Why : To measure the processes are up and running
Key metrics for alerts on SSL Offloading Server :
- CPU load (SSL-Offloading is CPU sensitive process)
- Increase in file descriptor (Slower responses and higher wait time will cause high FD’s on server)
- TCP Open Connections (TCP Connections open (Internet<->Proxy<->Backend) )
- SSL Certificate Expiry on Proxy Server
- Memory Free (Free memory on the server)
- SSL-Offloading Proxy Server Process Aliveness (With Nagios )
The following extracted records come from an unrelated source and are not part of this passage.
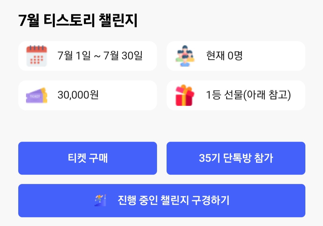챌린지에 도전하기 위해서는 티켓을 3만원에 구매를 하셔야 합니다.
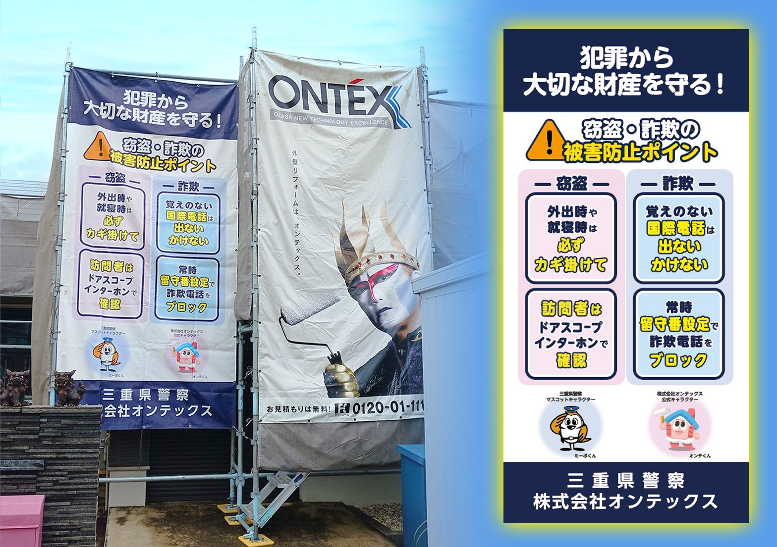 弊社はCSR活動の一環として、特殊詐欺の防止を呼びかける養生シートを三重県内で施工する塗装工事現場の足場に順次設置しています。
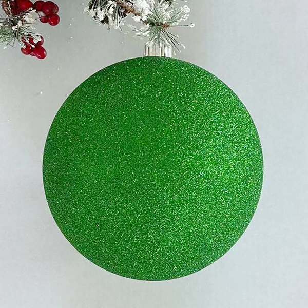 Bring a pop of festive color to your Christmas decor with this 8in. green glitter ornament. Crafted from shatterproof plastic, it adds a touch of sparkle without the worry of breakage.

Challenges of SSL-Offloading Proxy Server Monitoring :
- Compatibility metrics for clients: In some cases, the application is not compatible at all with SSL offloading. How to differentiate those clients ?
- HTTPS -> HTTP decryption inspection : HTTP inspection (When encrypted request decrypted by SSL-Offloading server) is difficult to choose (for which http requests)?. Hackers are using the SSL/TLS protocols as a tool to obfuscate their attack payloads. A security device may be able to identify a cross-site scripting or SQL injection attack in plaintext, but if the same attack is encrypted using SSL/TLS, the attack will go through unless it has been decrypted first for inspection.
- Key Sizes of Requests : As key sizes increases SSL processing will be CPU intensive. How to measure Key sizes ?
- Internet Facing Firewall Monitoring : Catch Security Threats, DDoS attacks , Spoofing
- Monitoring of Monitoring and HA of monitoring itself : Its always challenge.